Le type «fantôme solitaire»

Ce type fantôme hante les murs de la bibliothèque à temps plein. Tous les jours de la semaine, il apparaît dès l’ouverture et quitte gentiment lorsque vient l’heure de la fermeture, sans fracas ni bruit de chaînes . Il est là, il erre un peu désabusé, laisse passer le temps dans un coin en roupillant un brin parfois. Il passe presqu’inaperçu et se fait toujours des plus discret. On le remarque par la fluidité de sa démarche silencieuse, et son besoin (et oui les fantômes ont aussi de mauvaises habitudes) d’aller «prendre l’air» en fumant sa cigarette à toutes les trente minutes. Et après trois heures d’errance, il finit par se manifester à nous en demandant tout doucement, chaque jour: «Scusez! avez-vous l’heure?» Comme s’il en doutait encore… et nous remercie chaque fois de façon bien polie.

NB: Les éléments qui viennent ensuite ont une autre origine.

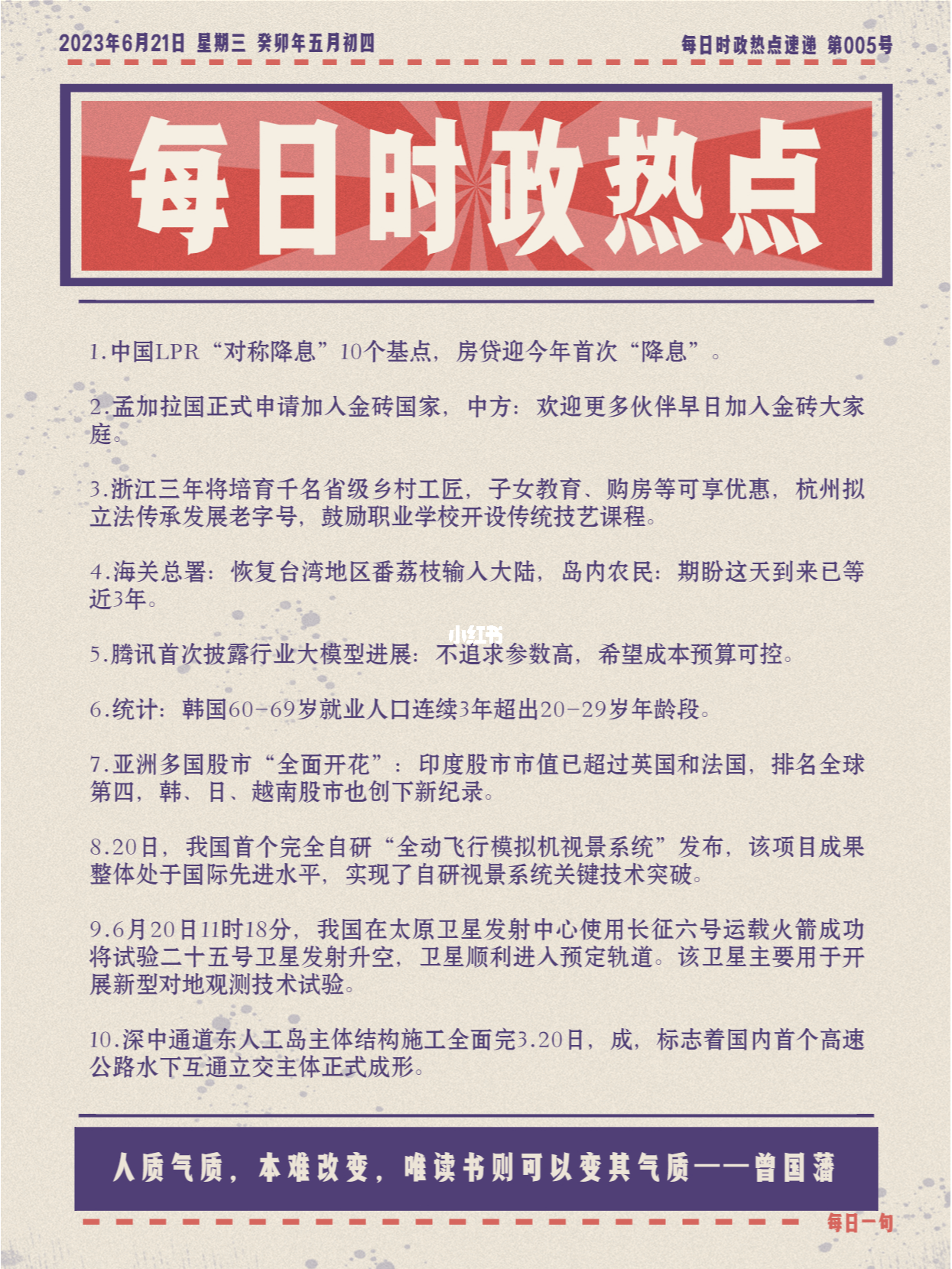 關(guān)注最新熱點(diǎn),激發(fā)我們的熱情和動(dòng)力,我們要將這種熱情轉(zhuǎn)化為實(shí)際行動(dòng),勇敢追求自己的夢(mèng)想,不要害怕失敗,因?yàn)槭∈浅晒Φ膲|腳石,每一次嘗試都是一次歷練,每一次歷練都讓我們更加成熟,只要我們堅(jiān)持不懈,終有一天會(huì)實(shí)現(xiàn)心中的夢(mèng)想。

Rare sont les fois où il ouvre un livre;  si l’envie de faire quelque chose lui vient, il jettera son dévolu sur un poste informatique. De nature plutôt lunatique, il sera surpris d’entendre la musique qui annonce l’imminente fermeture de l’établissement. Il ne ferait pas de mal à une mouche… il semble doux comme un agneau, mais il vagabonde, là, comme dans la vie sans doute, car il est de tendance très solitaire. Trop solitaire. Y a-t-il quelqu’un pour lui rappeler qu’il n’est pas vraiment un fantôme?